Here is the task for the listing below: output exactly the lines from the one containing "沿着高低曲折的栈道探秘寻幽,忽而如入水帘" through the one containing "Μπορεί να ξεκινήσει με", and leave out the pictures.

RECORD EXTRACTS:
-*-
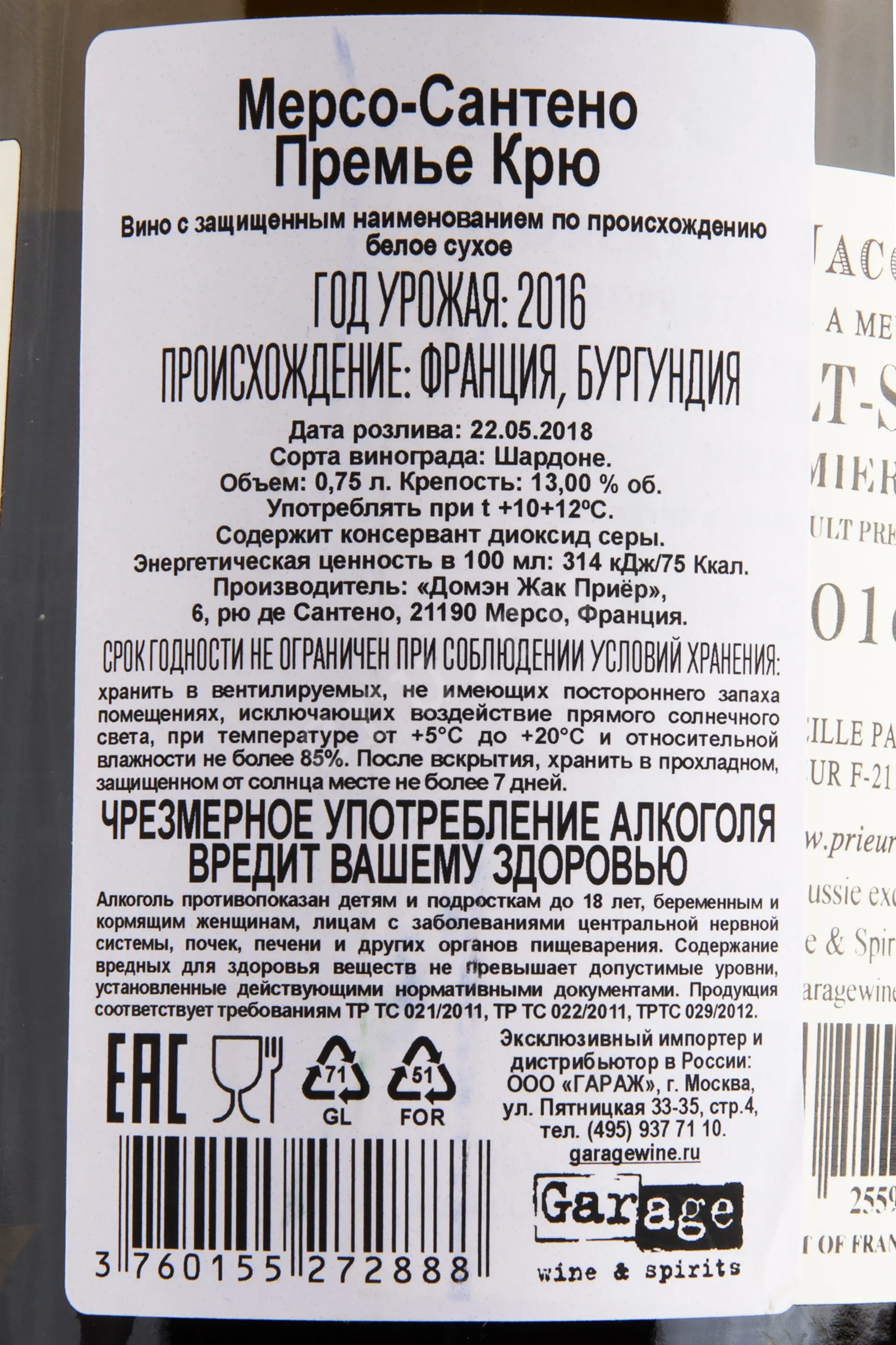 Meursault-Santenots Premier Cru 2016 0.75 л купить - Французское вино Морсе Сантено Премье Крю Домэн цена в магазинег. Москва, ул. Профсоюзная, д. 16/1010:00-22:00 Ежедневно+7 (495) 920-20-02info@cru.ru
-*-
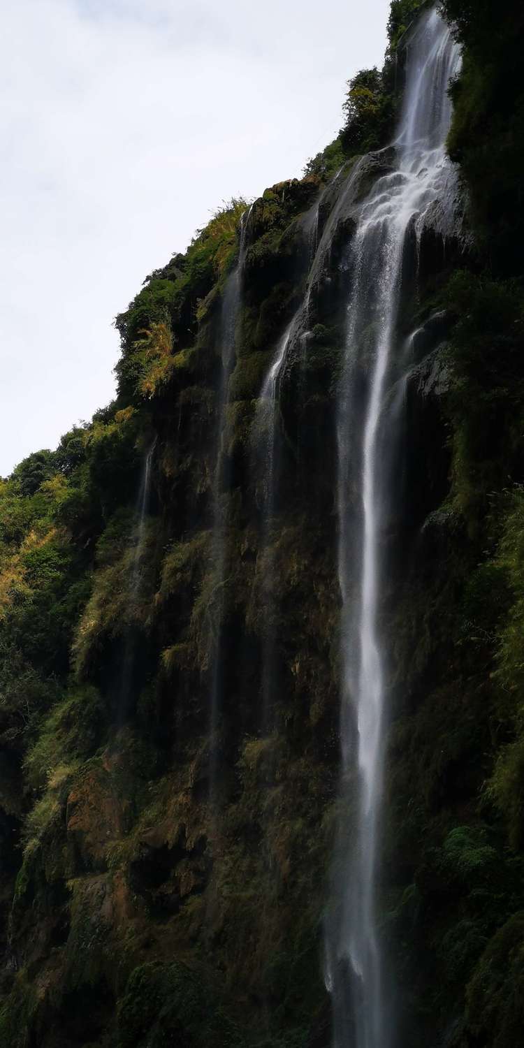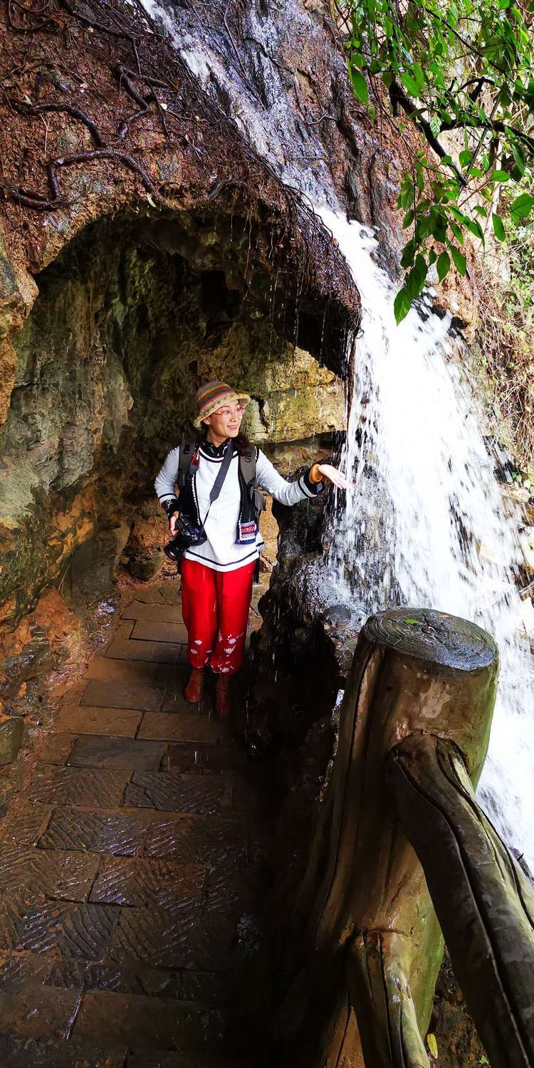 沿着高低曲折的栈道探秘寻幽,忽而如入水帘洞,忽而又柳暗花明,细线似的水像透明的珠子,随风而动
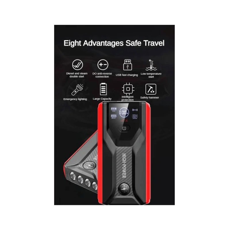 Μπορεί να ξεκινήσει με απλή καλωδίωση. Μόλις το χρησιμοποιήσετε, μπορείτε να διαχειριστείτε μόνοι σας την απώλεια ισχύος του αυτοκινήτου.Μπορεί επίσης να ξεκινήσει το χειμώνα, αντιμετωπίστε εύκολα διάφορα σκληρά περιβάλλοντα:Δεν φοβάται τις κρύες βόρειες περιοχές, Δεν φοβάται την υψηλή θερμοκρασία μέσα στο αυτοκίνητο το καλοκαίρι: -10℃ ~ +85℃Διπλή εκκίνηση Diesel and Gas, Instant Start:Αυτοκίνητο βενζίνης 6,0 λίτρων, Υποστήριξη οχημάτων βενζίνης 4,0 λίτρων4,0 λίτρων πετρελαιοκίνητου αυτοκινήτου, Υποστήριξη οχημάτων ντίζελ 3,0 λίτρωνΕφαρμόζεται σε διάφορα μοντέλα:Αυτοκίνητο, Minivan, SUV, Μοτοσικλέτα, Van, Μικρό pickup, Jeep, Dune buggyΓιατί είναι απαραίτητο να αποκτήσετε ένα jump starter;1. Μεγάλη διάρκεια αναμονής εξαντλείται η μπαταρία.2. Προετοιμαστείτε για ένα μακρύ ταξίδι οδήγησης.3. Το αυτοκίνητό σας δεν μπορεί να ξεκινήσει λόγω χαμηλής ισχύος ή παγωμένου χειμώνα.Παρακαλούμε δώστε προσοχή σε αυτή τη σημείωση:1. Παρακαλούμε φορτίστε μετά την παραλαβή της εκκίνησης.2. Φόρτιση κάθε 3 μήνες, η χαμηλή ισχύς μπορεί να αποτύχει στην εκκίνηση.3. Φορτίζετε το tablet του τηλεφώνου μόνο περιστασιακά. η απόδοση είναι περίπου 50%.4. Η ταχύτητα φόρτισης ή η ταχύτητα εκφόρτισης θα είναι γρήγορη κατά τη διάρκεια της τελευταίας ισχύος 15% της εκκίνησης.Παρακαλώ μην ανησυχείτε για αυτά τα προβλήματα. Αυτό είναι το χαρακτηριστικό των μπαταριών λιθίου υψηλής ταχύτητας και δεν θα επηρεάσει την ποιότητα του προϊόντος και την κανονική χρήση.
-*-
EXERCISE RESPONSE:
 沿着高低曲折的栈道探秘寻幽,忽而如入水帘洞,忽而又柳暗花明,细线似的水像透明的珠子,随风而动
 Μπορεί να ξεκινήσει με απλή καλωδίωση. Μόλις το χρησιμοποιήσετε, μπορείτε να διαχειριστείτε μόνοι σας την απώλεια ισχύος του αυτοκινήτου.Μπορεί επίσης να ξεκινήσει το χειμώνα, αντιμετωπίστε εύκολα διάφορα σκληρά περιβάλλοντα:Δεν φοβάται τις κρύες βόρειες περιοχές, Δεν φοβάται την υψηλή θερμοκρασία μέσα στο αυτοκίνητο το καλοκαίρι: -10℃ ~ +85℃Διπλή εκκίνηση Diesel and Gas, Instant Start:Αυτοκίνητο βενζίνης 6,0 λίτρων, Υποστήριξη οχημάτων βενζίνης 4,0 λίτρων4,0 λίτρων πετρελαιοκίνητου αυτοκινήτου, Υποστήριξη οχημάτων ντίζελ 3,0 λίτρωνΕφαρμόζεται σε διάφορα μοντέλα:Αυτοκίνητο, Minivan, SUV, Μοτοσικλέτα, Van, Μικρό pickup, Jeep, Dune buggyΓιατί είναι απαραίτητο να αποκτήσετε ένα jump starter;1. Μεγάλη διάρκεια αναμονής εξαντλείται η μπαταρία.2. Προετοιμαστείτε για ένα μακρύ ταξίδι οδήγησης.3. Το αυτοκίνητό σας δεν μπορεί να ξεκινήσει λόγω χαμηλής ισχύος ή παγωμένου χειμώνα.Παρακαλούμε δώστε προσοχή σε αυτή τη σημείωση:1. Παρακαλούμε φορτίστε μετά την παραλαβή της εκκίνησης.2. Φόρτιση κάθε 3 μήνες, η χαμηλή ισχύς μπορεί να αποτύχει στην εκκίνηση.3. Φορτίζετε το tablet του τηλεφώνου μόνο περιστασιακά. η απόδοση είναι περίπου 50%.4. Η ταχύτητα φόρτισης ή η ταχύτητα εκφόρτισης θα είναι γρήγορη κατά τη διάρκεια της τελευταίας ισχύος 15% της εκκίνησης.Παρακαλώ μην ανησυχείτε για αυτά τα προβλήματα. Αυτό είναι το χαρακτηριστικό των μπαταριών λιθίου υψηλής ταχύτητας και δεν θα επηρεάσει την ποιότητα του προϊόντος και την κανονική χρήση.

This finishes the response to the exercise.